Question

A time-varying horizontal force (in Newton) $F=8|sin (4πt) |$ is acting on a stationary block of mass 2 kg as shown. The friction coefficient between the block and ground is $μ=0.5$ and $g=10 \dfrac {m}{s^2}$. Then the resulting motion of the block will be:

(A) It will oscillate
(B) It remains stationary
(C) It moves towards left
(D) It moves towards the right

Answer 1

Hint
The frictional force opposing the motion of the body i.e. the direction of frictional force is opposite to the direction of applied force.
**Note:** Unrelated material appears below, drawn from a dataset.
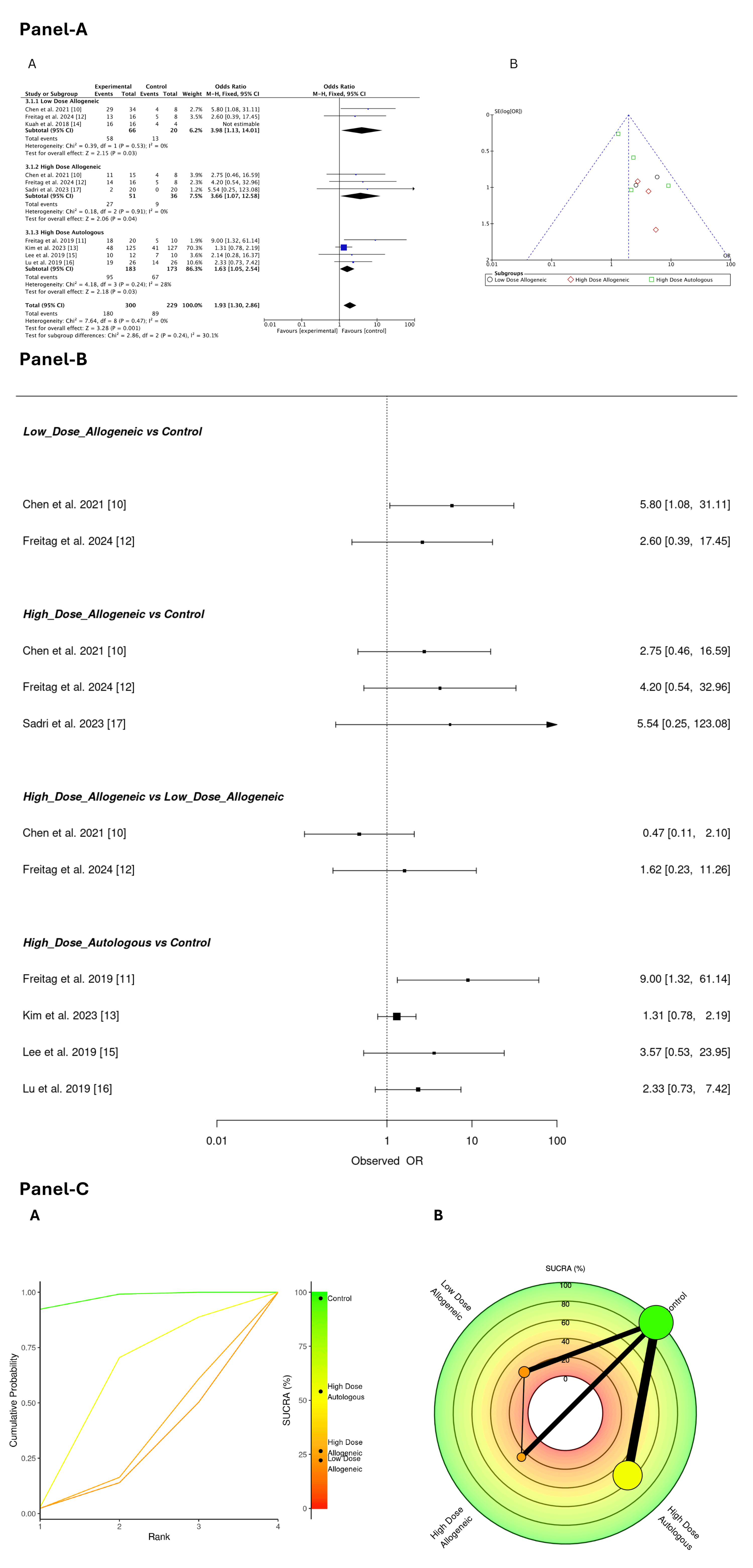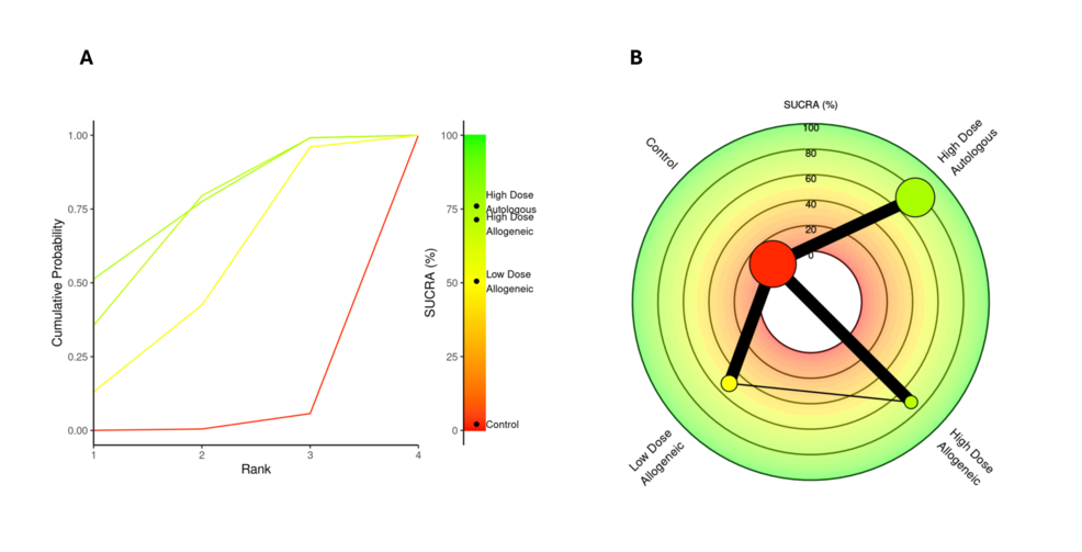 SUCRA 排名:高劑量異基因AD-MSCs略優(yōu),自體組緊隨其后

For the movement of the body applied force must be greater than the frictional force on the body.

Complete step by step answer
Given, the mass of a stationary block is ${\rm{m}} = 2{\rm{\;}}$kg.
The coefficient of friction between the block and ground is ${\rm{\mu }} = 0.5$.
The time-varying force acting on the stationary body is ${\rm{F}} = 8\left| {\sin \left( {4{\rm{\pi t}}} \right)} \right|$ N
And, the value of g is $10{\rm{\;m}}/{{\rm{s}}^2}$
We know that the maximum possible frictional force is given by,
${{\rm{F}}_{{\rm{frictional}}}} = {\rm{\mu mg}}$
$ = 0.5 \times 2 \times 10$
$ = 10{\rm{\;}}N$ … (1)
From the given equation of force,
${\rm{F}} = 8\left| {\sin \left( {4{\rm{\pi t}}} \right)} \right|$ Newton
The maximum applied force will be, ${{\rm{F}}_{{\rm{applied}}}} = 8$ N … (2)
From equation (1) and (2), we get
${{\rm{F}}_{{\rm{frictional}}}} > {{\rm{F}}_{{\rm{applied}}}}$
i.e. the maximum frictional force is greater than the force applied on the stationary body. Therefore, the body will remain stationary.
Therefore, (B) It remains stationary is the required solution.

Note
In order to find out that the stationary body will move or not, we must consider the maximum value of the applied force. If we have a static force then there is no need to calculate maximum value of force. We can directly compare the value with friction force.